A month after Plush's funeral, his mother traveled to Knoxville, Tennessee, to visit a longtime friend. During the trip, they learned that the National Emergency Number Association was holding its annual conference in Nashville that same week and decided to attend. The experience led to the creation of the Kyle Plush Answer the Call (KPATC) Foundation. The organization was formed shortly afterward to support emergency communications personnel and to promote improvements within the 911 system. Its activities include delivering encouragement to dispatch centers, presenting "Challenge Coin" awards to recognize notable performance, and giving educational presentations across the United States.

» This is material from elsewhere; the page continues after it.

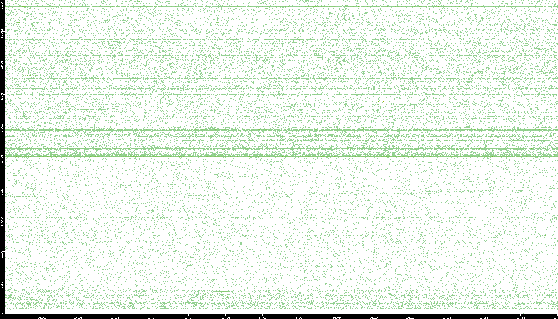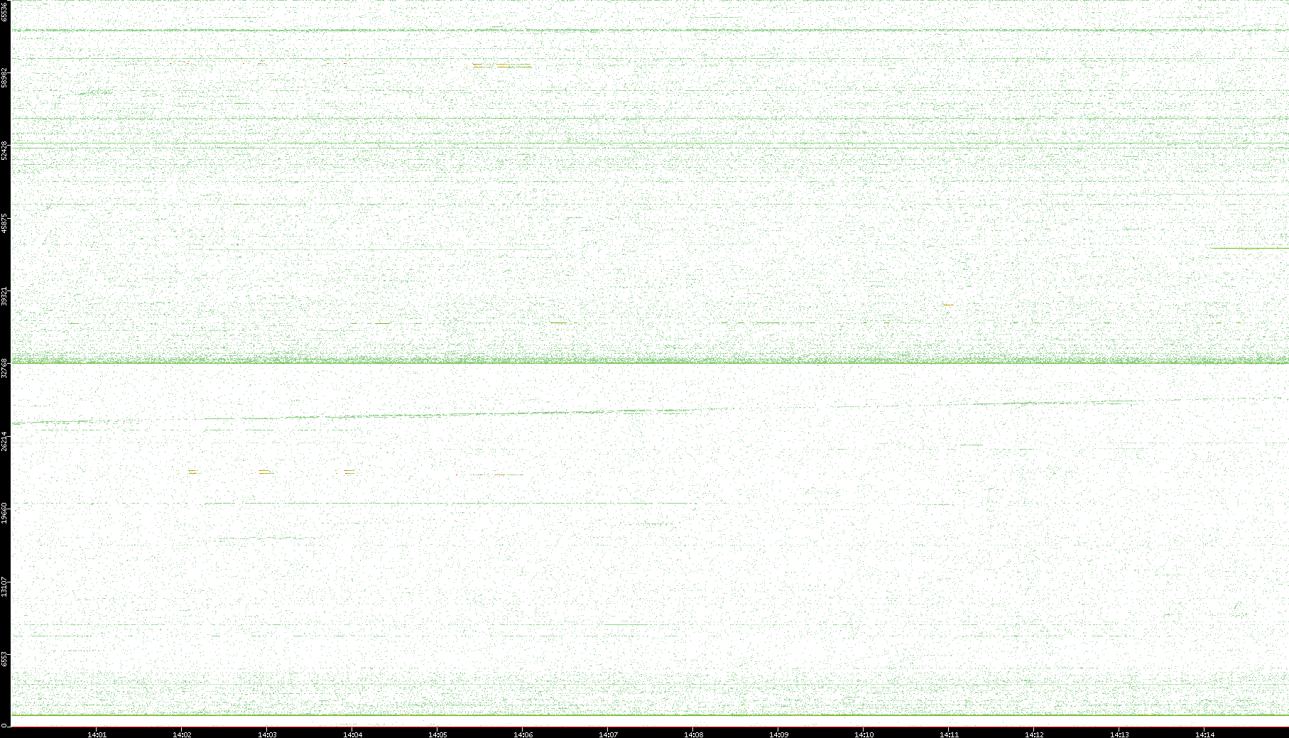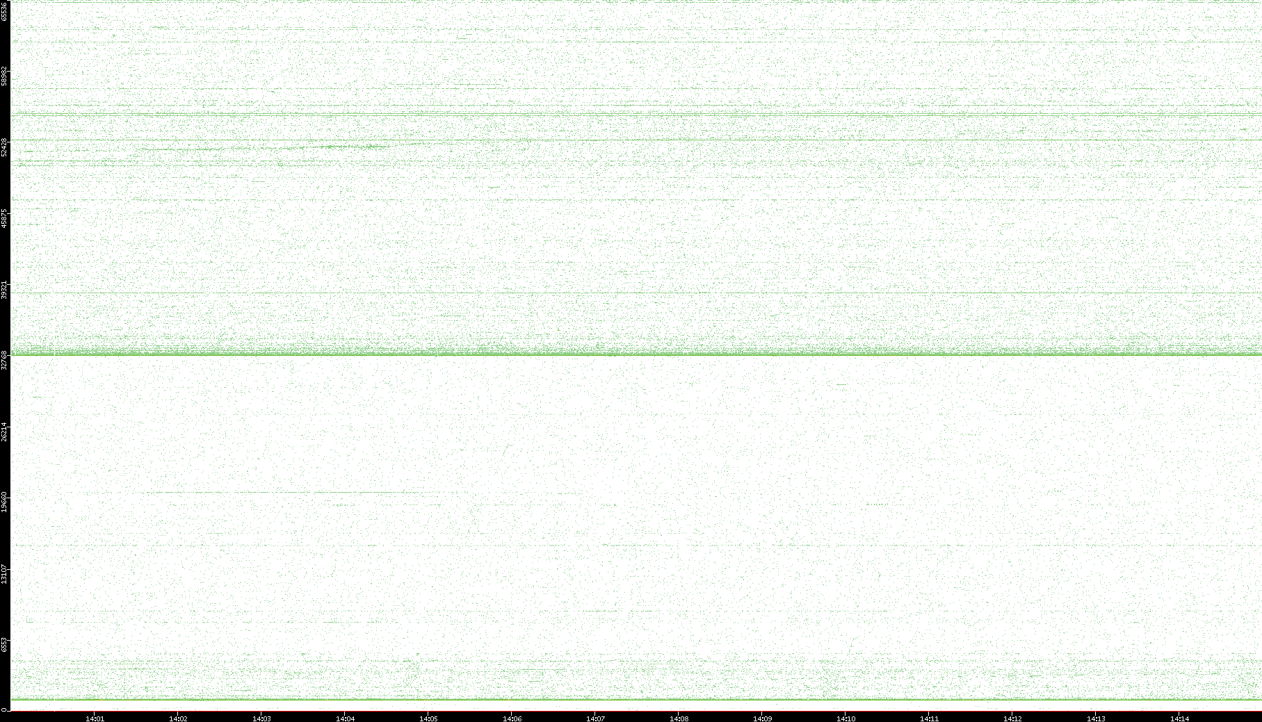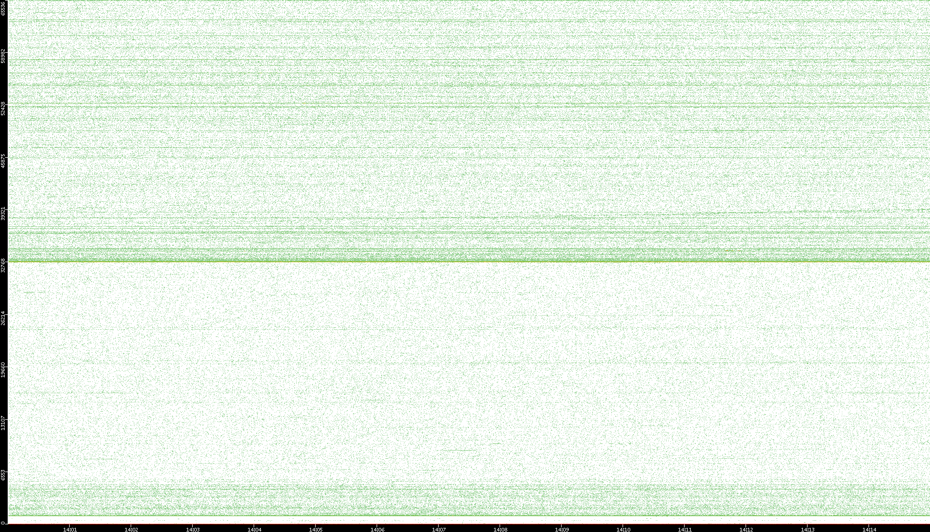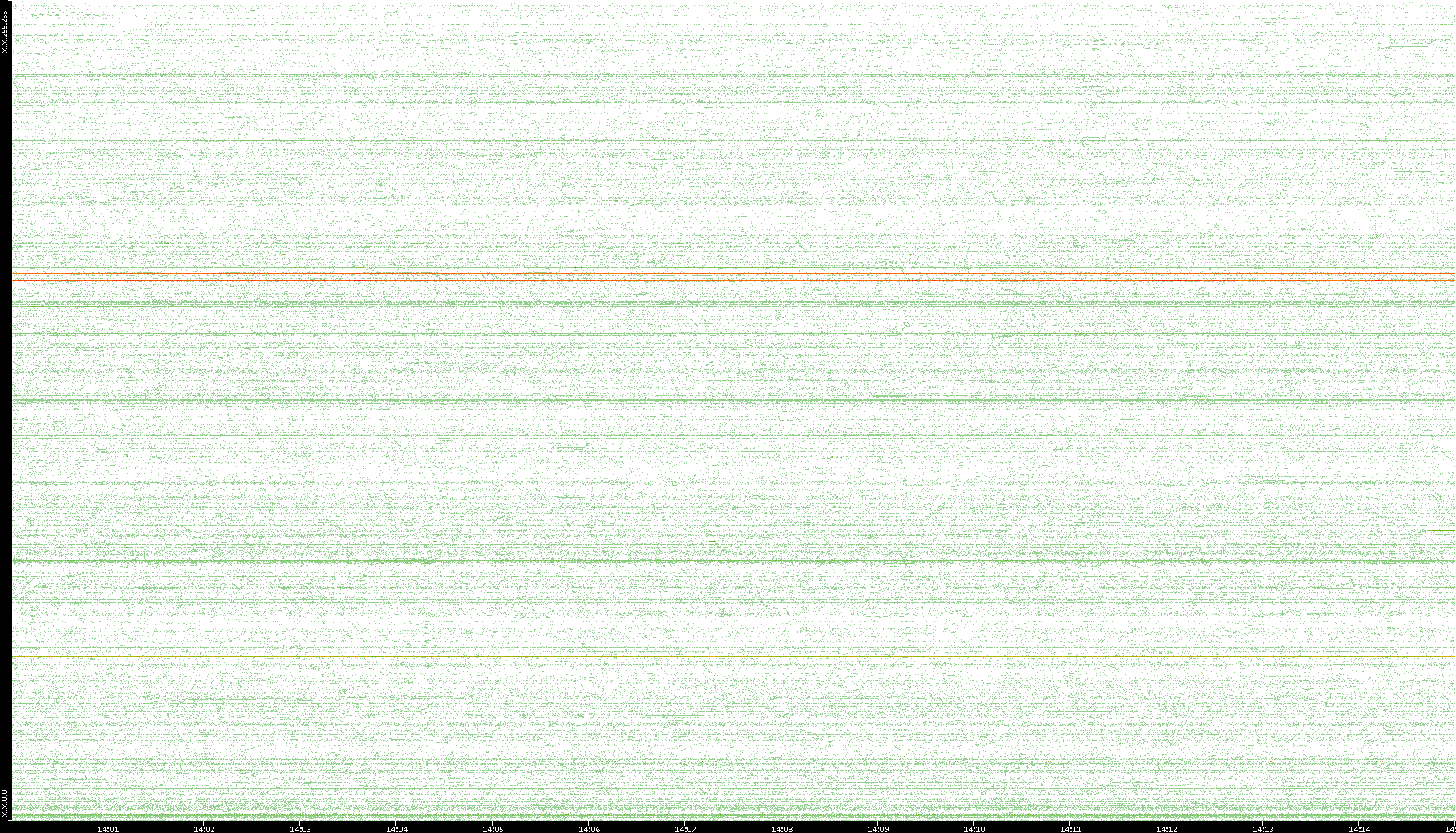 2007/03/14 Dest. IP vs. Time Dest. Port vs. Time Src. IP vs. Time Src. Port vs. Time Nb. of Packets vs. Time Throughput vs. Time Average Packet Size vs. Time Entropy of Port vs. Time

In November 2018, the Cincinnati Police Department released an internal review stating that officers and emergency call‑takers had followed existing procedures. Plush's parents disagreed with the conclusion and continued seeking information about the handling of the emergency calls. They determined that legal action was necessary to obtain detailed records and to push for improvements to the city's emergency‑communications system, and they hired Cincinnati civil‑rights attorney Al Gerhardstein to represent them. On August 12, 2019, the family filed a wrongful‑death lawsuit against the City of Cincinnati. On April 9, 2021, the case ended with a $6 million settlement, making it the largest settlement in Cincinnati at the time. As part of the agreement, a panel of 911 specialists from across the country was appointed to oversee and advise the city's Emergency Communications Center. The group releases public reports every six months addressing training, technology, quality‑assurance procedures, and adherence to established protocols.

City officials reported that several improvements have been made since the incident, including hiring additional call‑takers and dispatchers, adding full‑time quality‑assurance staff, and upgrading the backup call center where the emergency calls had been answered. The facility received new equipment and acoustic improvements to address communication issues identified after the event.